The FlexWAFE architecture is based on a synchronous data flow graph model (SDF) [8]. Figure 3 shows an example instantiation with its basic components. All nodes are connected by a light-weighted interface protocol with backpressure capabilities, which provides an easy, flexible interconnect for the processing nodes. The ability to stop certain parts of the data path using backpressure allows a self-timed execution of the nodes and does not necessarily require a global fine grain schedule. Specific inbound and outbound nodes of the graph have to translate this internal protocol to the connected peripherals.
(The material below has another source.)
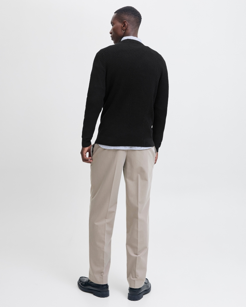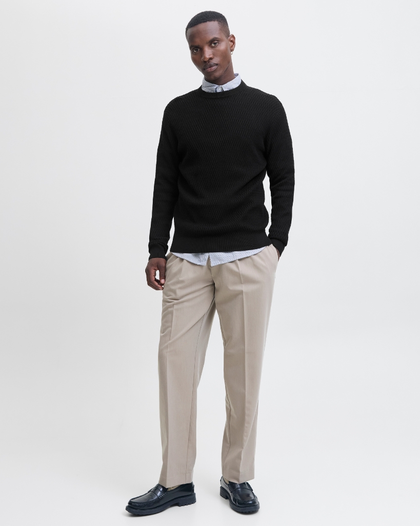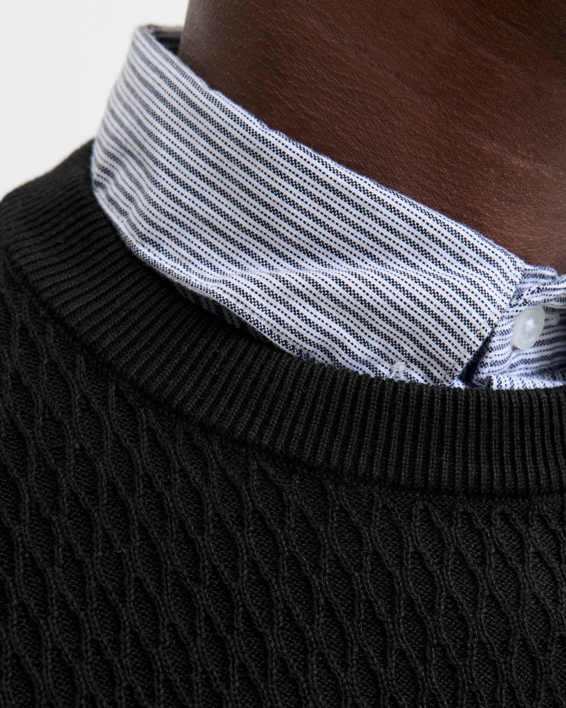 Klassisk sort striktrøje med diskret struktur og rund hals. Trøjen er strikket i blød bomuld med en flad strikketeknik, som giver fleksibilitet og en behagelig pasform. Et sikkert valg til både hverdag og lag-på-lag stil.

The architecture consists of three different component classes, originally introduced in [2].

- Data processing units (DPU) contain hardware implementations of specific image processing algorithms or algorithm parts.
- Local memories with controllers (LMC) are used to buffer and reorder data or to provide an application interface to and from off-chip memory. This interface is necessary for certain operations such as a random read/write access to a complete image area, which cannot be realized using on-chip memories.

• The LMC and certain DPUs can be partly configured and controlled using a weakly-programmable central algorithm controller (AC).

The architecture is complemented by a high performance memory controller, which accesses the off-chip memory [9].



Figure 2: Example configuration of FlexWAFE architecture components

Using the FlexWAFE approach, each algorithm is implemented on a network of application specific processing elements (PE) and local memories. Depending on the selected algorithm often only a few simple mathematical operations are needed, which results in a very easy PE unit that consists of a small amount of electrical gates. To achieve a high performance execution of a specific algorithm such PEs can be instantiated in parallel. The amount of parallel PEs is defined by the algorithm designer and depends on the required performance and available chip resources or targeted hardware costs. The complete net of PEs for one algorithm can be encapsulated as a single DPU node in FlexWAFE. This allows hardware parallelism for one algorithm in an internal DPU and a parallel execution of multiple algorithms using several DPUs in a specific FlexWAFE processing system.

As the FlexWAFE library already consists of various existing image processing components the development time for new hardware accelerated algorithms decreases. Current FPGAs provide a large amount of logical elements, which allows the design of even complex image processing pipelines. Some FPGA devices are already automotive certified so they can be integrated in final ECU designs as well.

# 4 Implementation

Since the FlexWAFE architecture concept is based on a dataflow graph principle, no limitations to the inbound and outbound connections are necessary, except that the data streams need to be

stoppable by the succeeding nodes. Otherwise sufficient buffer space is required in the in- and outbound nodes to ensure correct communication behavior with connected peripherals. This concept offers the possibility to integrate the architecture in diverse transfer protocols or systems. During the development and evaluation process the architecture is typically embedded in a host system. Only parts of the algorithms are ported to the FlexWAFE engine. Results can be transferred to and analyzed on the host system. For the development of camera-based driver assistance functions the inbound data stream might be changed between online and off-line processing. This allows a realization of live tests with real-time response for the developed algorithms. For a detailed algorithm analysis in offline mode, data streams can be transferred directly from a host system storage device. The image data can be artificially generated for simulation tests, captured during online processing or can be provided by external camera devices. Figure 3 shows a typical system configuration of the architecture for online image processing. In the example, two cameras are connected as inbound nodes of the architecture. Image processing results are transferred to the host system via an internal bus protocol (PCI Express, PCIe).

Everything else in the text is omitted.